I really liked this, and reading it after the series’ leading up to it this time instead of on it’s own without context for the new companions made me like it even more. I love the touching on the time war and how it affected other species, the new Voord designs are a real treat. The glimpse we get of War is very fun to see, and that moment at the end with 9 is just fantastic.

I also love seeing more time war tech here, the idea of a bomb that rewrites your history to make another universe possible is great, and I love the glimpses it gives up into these possible realities where our doctors failed, all of them in such different ways (especially 11 and 12). The Voord 12 is a really fun villain, harkening back to classic who which feels right for something like this, while at the same time being and feeling like a big enough threat as well.

The character stuff is a treat, the companions interacting with each other is great, and I love all the moments of the three doctors saying 'We need to…" (or something to that effect) in unison, before all shouting different ideas.

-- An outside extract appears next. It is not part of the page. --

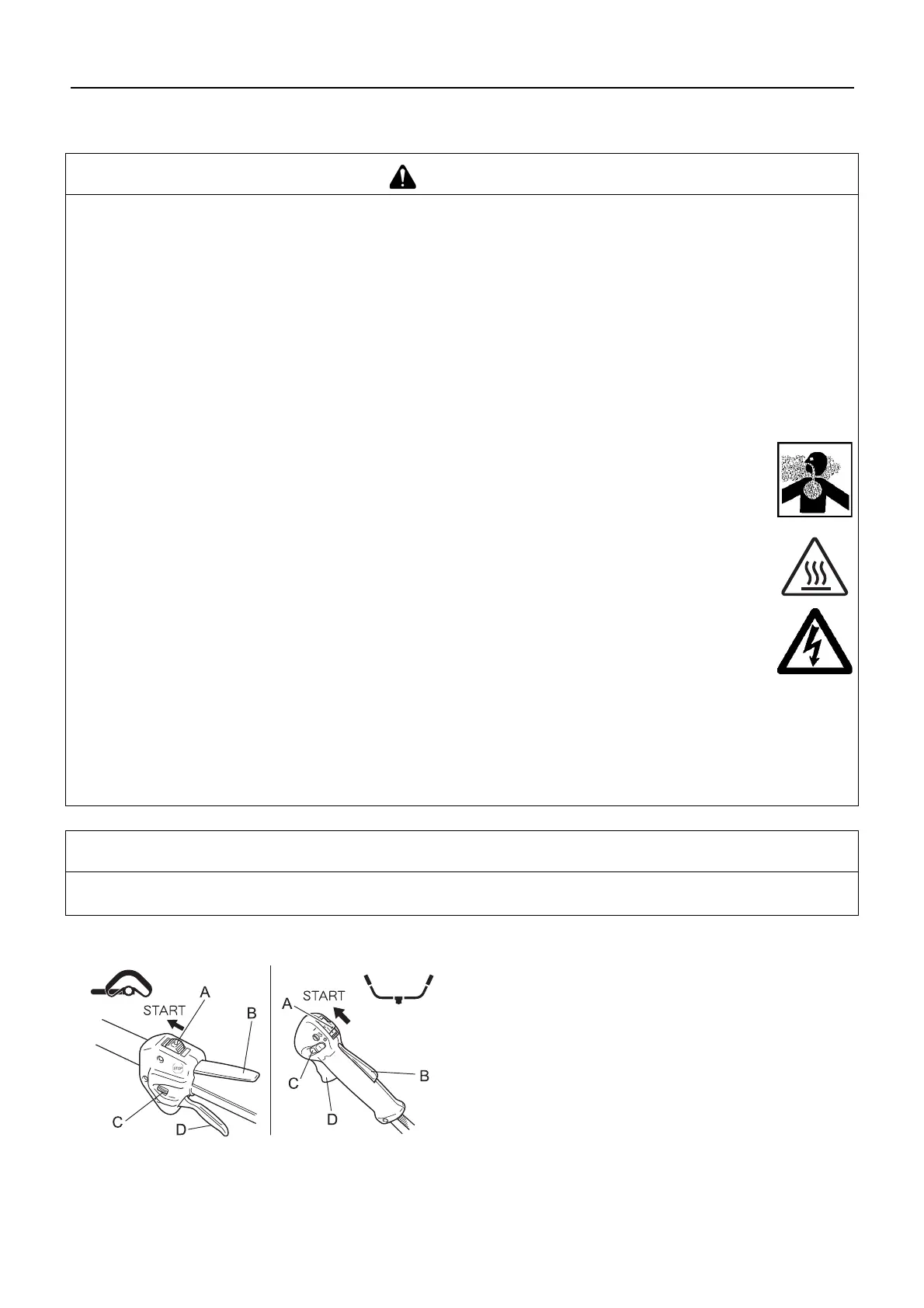 When starting engine using throttle latch, cutting attachment rotates. After engine starts, pull throttle trigger slightly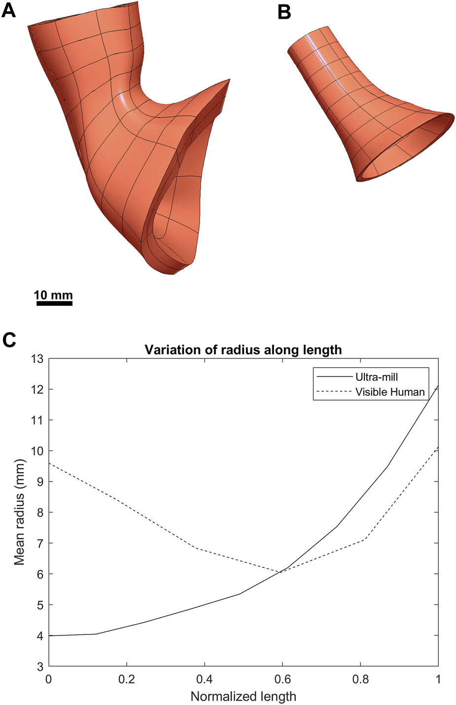 Visual comparison between the two anatomies. (A) The previously developed Visible Human LES mesh (Yassi et al., 2009). (B) The LES mesh made from the ultra-mill dataset. (C) Comparison of the average radius of both meshes along their normalized lengths.

If I had any complaints it would be with the art, I think some characters look a bit off at times, mostly Cindy and Clara can be a little hard to tell apart in some shots, Cindy looks a bit off a lot actually, but still really fun.


This review contains spoilers!

I was a bit disappointed by The Four Doctors, and it is such a shame too, because this five-part comic miniseries was simply bursting with potential.

The art was very impressive overall, although it seemed to wear down over time. Neil Edwards did some great work with his art while Ivan Nunes brought a lot of life to these books with his colouring, but by issues four and five, the high quality nature of their work felt slightly diminished.

Story, on the other hand, is all over the place to me. You have some really cool ideas about the Voord and the villain has a very intricate, but relatively well thought-out plot. It's all really well done in my opinion and there are some very great many ideas behind this story that were absolutely worth exploring. So the plot is cool, but the story, largely expressed through dialogue with occasional bouts of narration, is just awful. So many lines feel out of character, and a few panels I found absolutely baffling with regards to trying to understand what they were saying. Almost reading as if they were poorly translated online or something!

It's a little shocking this was written by Paul Cornell. On the one hand, he does a great job with certain measures of specificity. He has a really good handle on the different Doctors (at least sometimes) and our three companions, Alice, Gabby, and Clara. He has a lot of specific knowledge about the rebooted series he uses quite effectively (or maybe Andrew James kept a tight lid on continuity via editing). But those strengths of a writer were really inconsistent here, especially in the dialogue. Maybe it was the absence of World War I content.

While this is far from the worst multi-doctor crossover, it is equally far from perfect or even remotely one of the better ones I have encountered. Its closest analogue is Day of the Doctor, but that story does what Four Doctors was trying for so much better. This felt far less coherent, a lot less funny, and Four Doctors even gets a little schmaltzier and cheesier than Moffat's writing on his most self-indulgent of moments. In a lot of ways, it was a pretty rough read, and that sucks, overall.